As I’ve been alluding to and as promised lets talk about information leakage. The principles of information leakage are not fully understood outside of a very small circle of information operations specialists. The principles of analysis and k-anonymity are fairly straightforward. With k-anonymity we can look at data that has been scrubbed to protect individuals rights to privacy and then use secondary and tertiary sources of data that have also been scrubbed of identifying information to build the identity of an individual. This same analysis technique can be used within information operations to build dossier data on military members and their familial relationships. Since there is also leakage of data on marriages, children, previous employers, and more a fundamental picture of each military member can be built. Specific unit members can be targeted based on their location and simple analysis used to find more information. In many cases members have posted full résumé’s when looking for jobs that are easily found using free or inexpensive account data. They do this because they are looking for jobs when they return of were looking for jobs when they were activated from the reserves. Normal behavior causes substantial leakage of personal information. In the commercial world we have seen similar disclosures like the Choice Point exposure done for criminal purposes using fully legal means.

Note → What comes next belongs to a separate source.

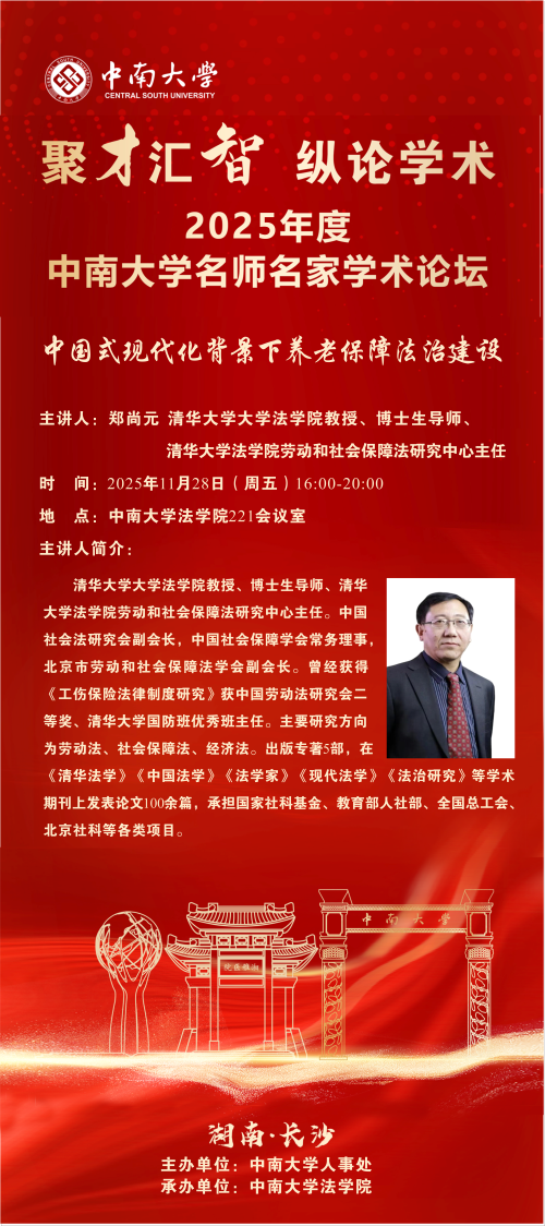 【讲座预告】郑尚元:中国式现代化背景下养老保障法治建设
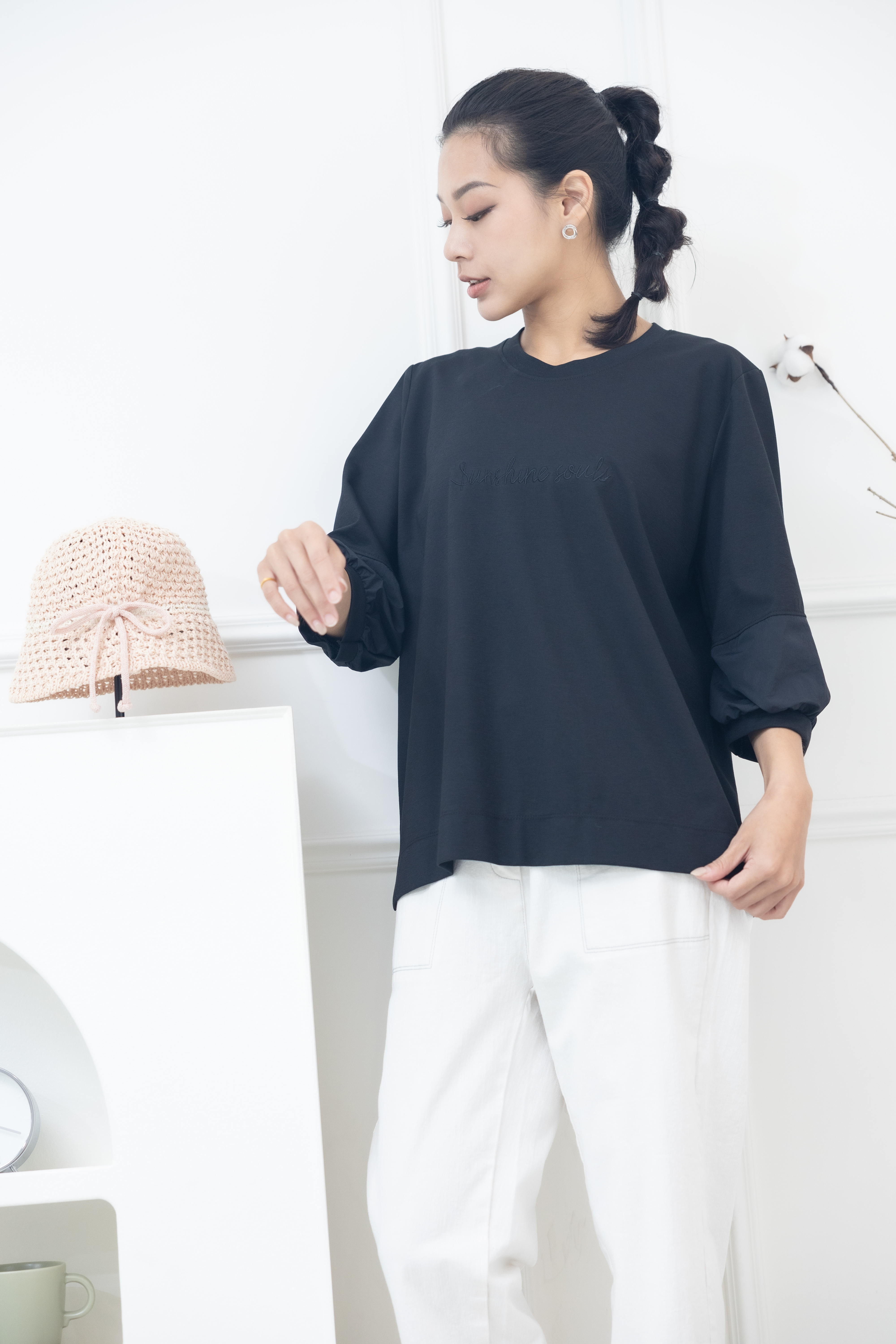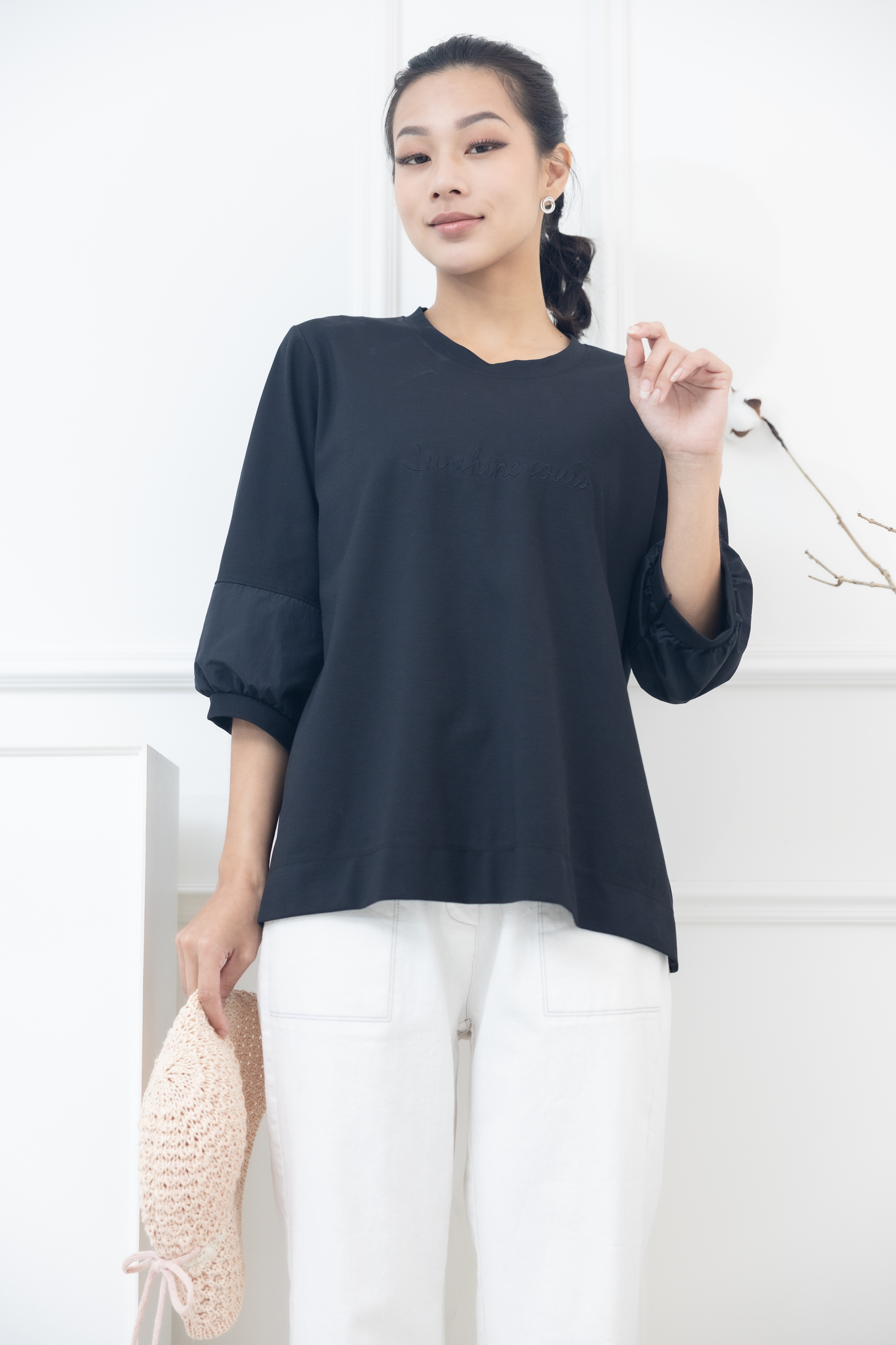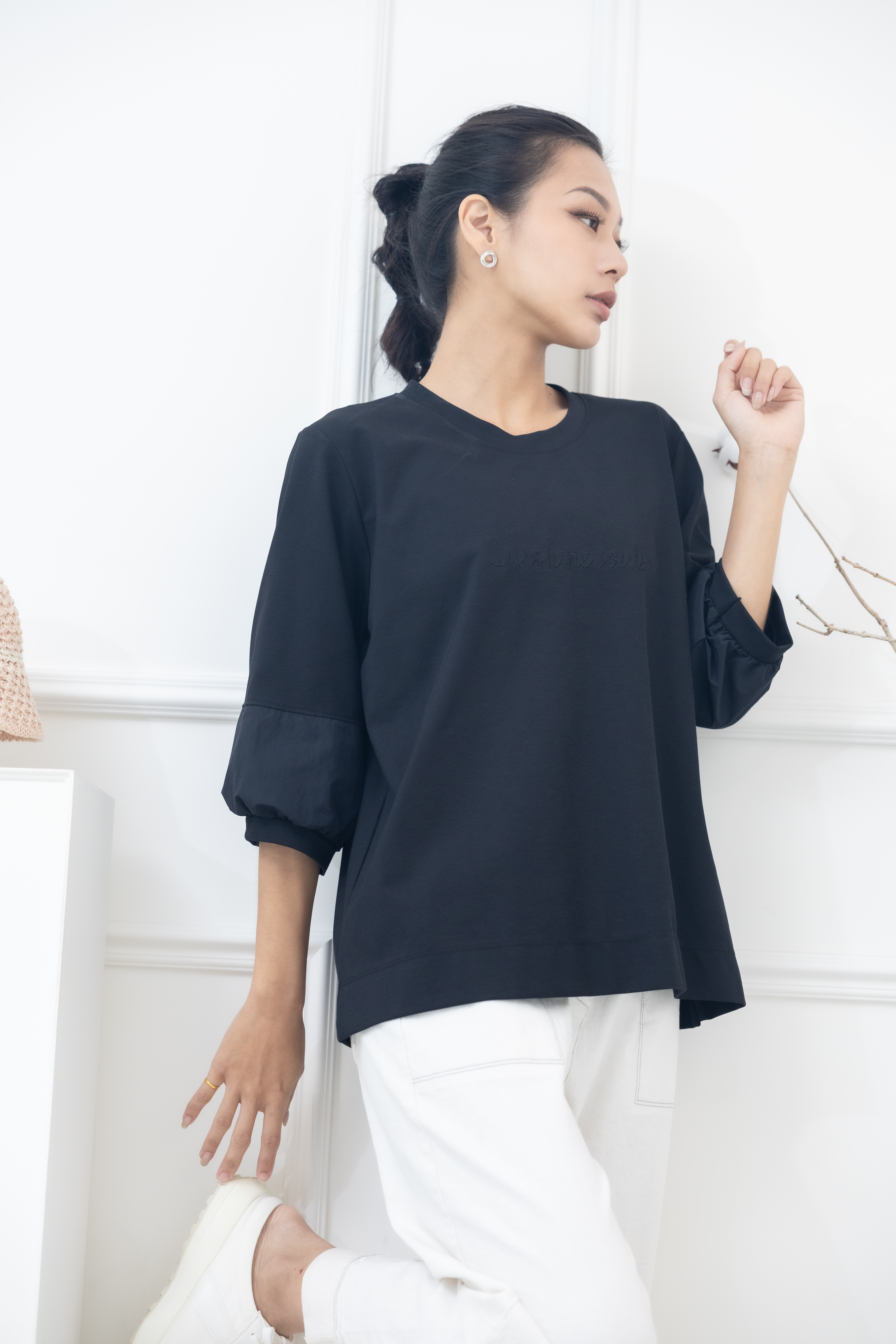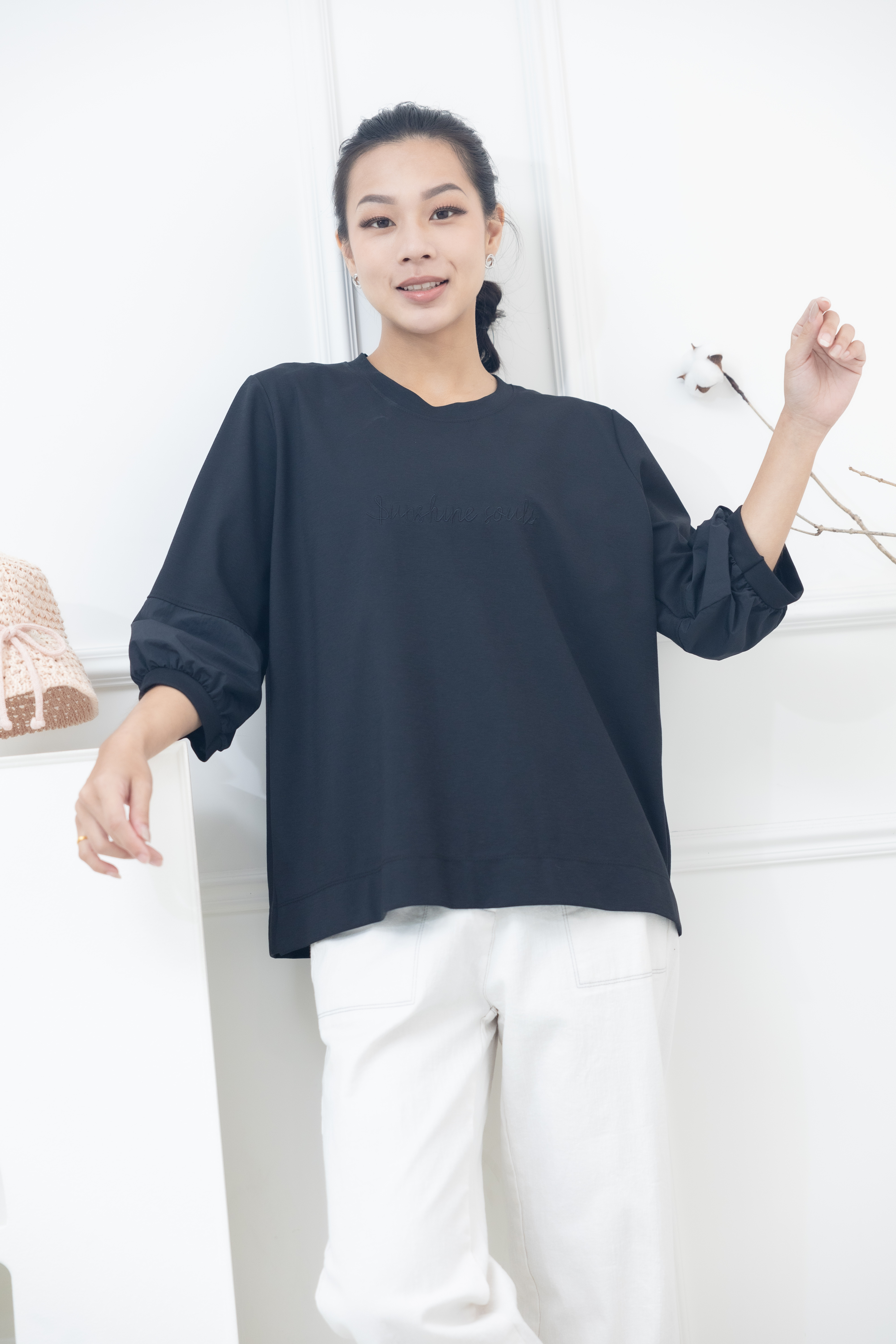 긴팔 胸前sunshine souls字七分袖上衣 / 黑色

An active blogger or poster may not realize just how much information they leak simply by visiting a website. The location of the connection, the operating system of the machine, the browser, the IP, the visited pages history, and so much more is available. Back track attacks are when the URL is stored in the history and poorly designed websites cache the authentication mechanism in the URL address. A dedicated adversary can look for that and use it as a method to access associated pages a user has been visiting or even the account of the user on other web pages.
The furor of military bloggers has me of two minds. I like to know what I can do to help the current members of the military and ease the hardships of service. At the same time I understand the risks and attempt to balance the fear, uncertainty and doubt with a skepticism. The mental gymnastics of ethnocentrism required to pander mental pudding portraying adversaries as cognitive midgets with luddite tendencies is a common failing. The adversaries are well trained likely in United States universities and higher-level technology curriculum’s with all of the associated understanding of the technology and the politics. To ignore the aspects of guerrilla warfare where the enemy uses your own technology and resources against you in a war where information is the only force multiplier is to fail.